Одним из эпиграфов к примечаниям (всего их три) Лосев поставил риторически мощный пассаж Бродского, ослепительная категоричность которого не закрывает (да и не должна закрывать) игрового лукавства. В жизни, в поведении своем я всегда исходил из того — как получается, так и получается. <Поэту надо верить, но и забывать о том, как далеко его заводит речь, тоже не след. Никаким как получается не объяснишь ни юношеский нонконформизм Бродского, ни его неколебимую верность жизненному делу — стихописанию, ни набивший оскомину тезис о «величии замысла», ни даже эпатирующий характер процитированного «наплевательского» зачина очередного credo, потребного именно для того, чтобы тут же быть напрочь изничтоженным. — А. Н.> Впоследствии — если грамматически такое время вообще существует — все, в общем, станет более или менее на свои места. По крайней мере, в отношении издания моих книжек. Хотя я этого чудовищно боюсь, потому что представляю себе, что там натворят даже самые замечательные люди, даже из самых замечательных побуждений. И какой там хаос воцарится. <Но «хаос» ведь и есть убаюкивающее «как получается, так и получается». Так с чего бы вольному индивидуалисту, пишущему только для себя и не рассчитывающему на чье-либо сочувствие-понимание, бояться «хаоса»? Да с того, что неодолимость этого самого хаоса, абсурда тож, и наколдованного им одиночества вовсе не предполагают благостного приятия. С того, что сакраментальное мне нечего сказать ни греку, ни варягу подразумевает не молчание, а упорное беспрестанное захлебывающееся говорение. И — уж извините — только предельно своими словами, которые именно в силу их бьющей в глаза, выпестованной и акцентированной индивидуальности должны стать частью речи. — идеальной, всехней, «народной», в небесах расслышанной и превышающей всякую житейскую отдельность. И нечего соваться в мои — всехние — слова, стихи, книги сколь угодно «замечательным людям». Подите прочь, какое дело Поэту мирному до вас — как писал в общем-то по сходному поводу частенько — но не здесь — раздражавший Бродского Пушкин. Впрочем, вослед любезным Бродскому римлянам. — А. Н.>. Потому что ничего более страшного, чем посмертные комментарии, вообразить себе нельзя.

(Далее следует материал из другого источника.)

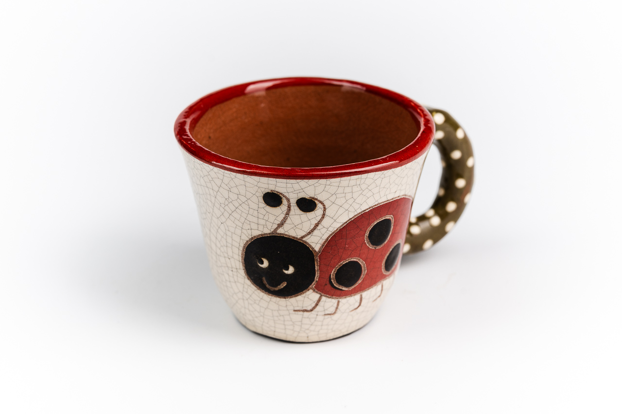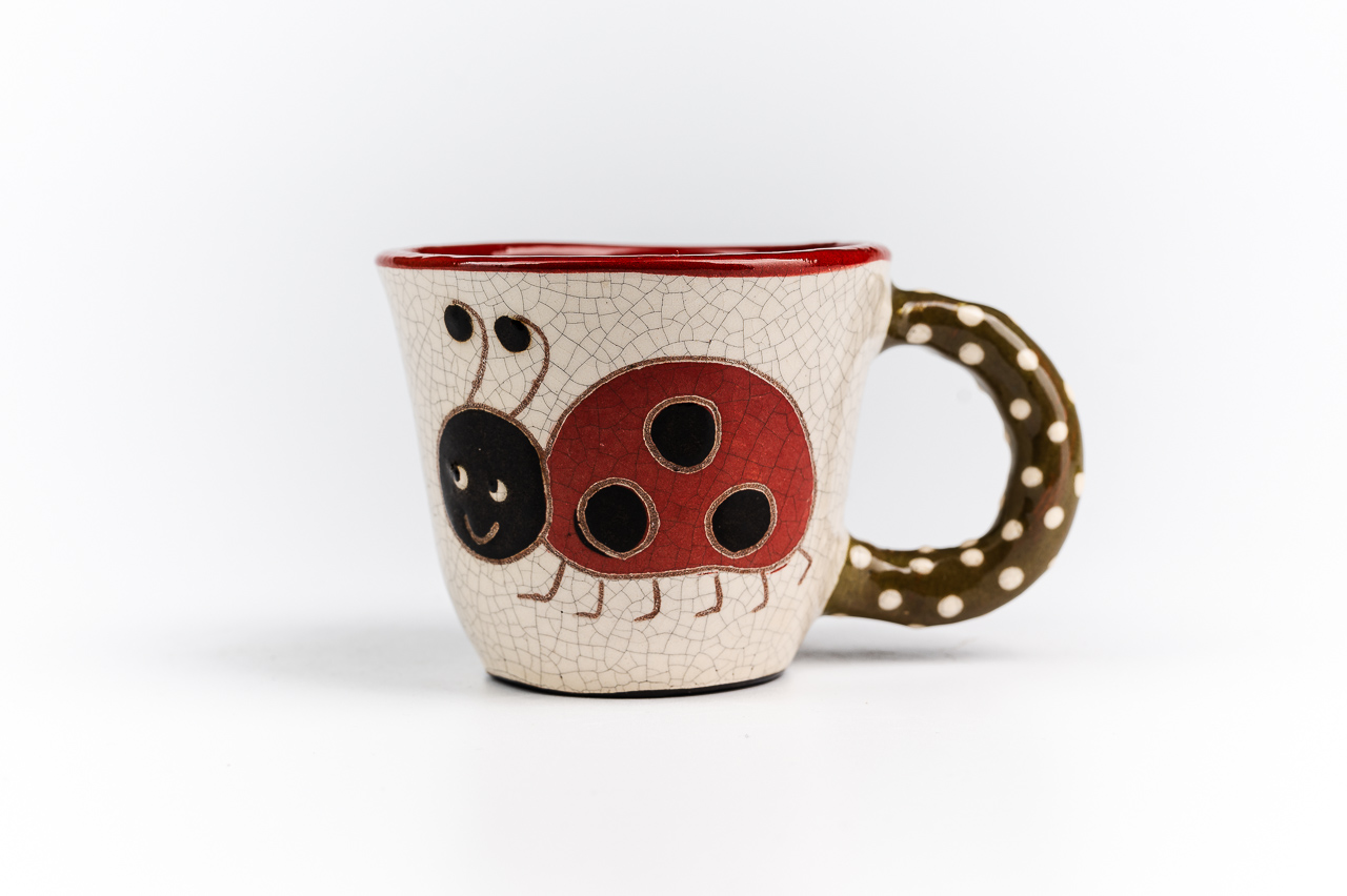 Szeretem a katicákat. Sokfélét sokféle tárgyra szoktam festeni. Kedves, vidám kis állat. Kis kávésbögrémről is rád mosolyog, vidámságra késztetve használóját. Jól indulhat a napod, ha ebből a kis bögréből iszod a reggeli kávédat.
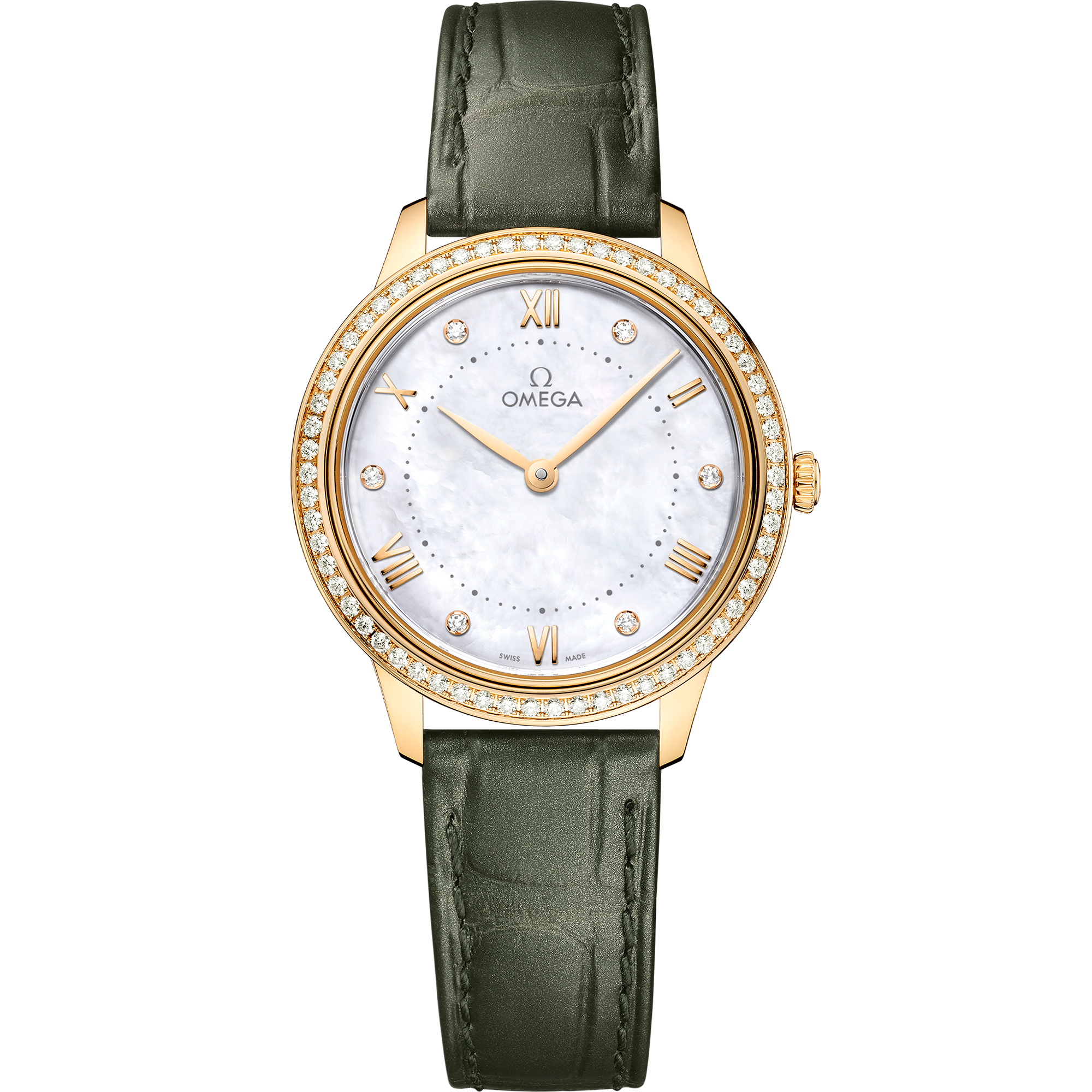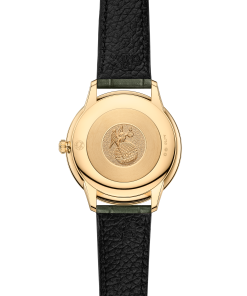 This watch is presented on a shimmering olive green leather strap and is driven by the OMEGA Quartz Calibre 4061, with a battery life of at least 48 months.

Разве что — смазанный состав поэтического корпуса. Так сказать, не лучшие (не только лучшие, попросту «не те») стихи не в лучшем порядке. От этой напасти Бродского (и нас заодно) Лосев уберег. Двухтомник выстроен согласно материализованной воле поэта — его основу составляют «шесть сборников, составленных самим Бродским или под его наблюдением и с его активным участием»: «Остановка в пустыне» (1970), «Конец прекрасной эпохи» (1977), «Часть речи» (1977), «Новые стансы к Августе» (1983), «Урания» (1987), «Пейзаж с наводнением» (1996). Далее следует раздел «Стихотворения, не вошедшие в сборники», где представлены образцы всех «маргинальных» текстов Бродского: юношеская лирика (здесь отбор наиболее значимых стихотворений — задача, любое решение которой может быть поставлено под сомнение), несколько зрелых (в том числе — неоконченных и никогда не публиковавшихся) стихотворений, тесно корреспондирующих с ключевыми опусами (тут выбор, хоть и тщательно обоснованный комментарием, еще более проблематичен), переводы (роль иноязычной, прежде всего англо-американской и польской, поэзии в формировании языка Бродского весьма значительна и подробно освещена Лосевым во вступительной статье), стихи для детей (право слово, знакомящие скорее с позднесоветским литературным бытом, то есть «обстоятельствами», навязанными Бродскому эпохой, чем с эволюцией поэта), шуточные вирши, рассчитанные на дружеский круг, а потому в основном неудобные для печати. Памятуя о теснейших контактах Лосева с Бродским (в том числе — при подготовке нескольких изданий), должно уверенно констатировать: воля поэта соблюдена и в «вынужденном дополнении». Стало быть, можно грянуть громкое Ура! Или повременить?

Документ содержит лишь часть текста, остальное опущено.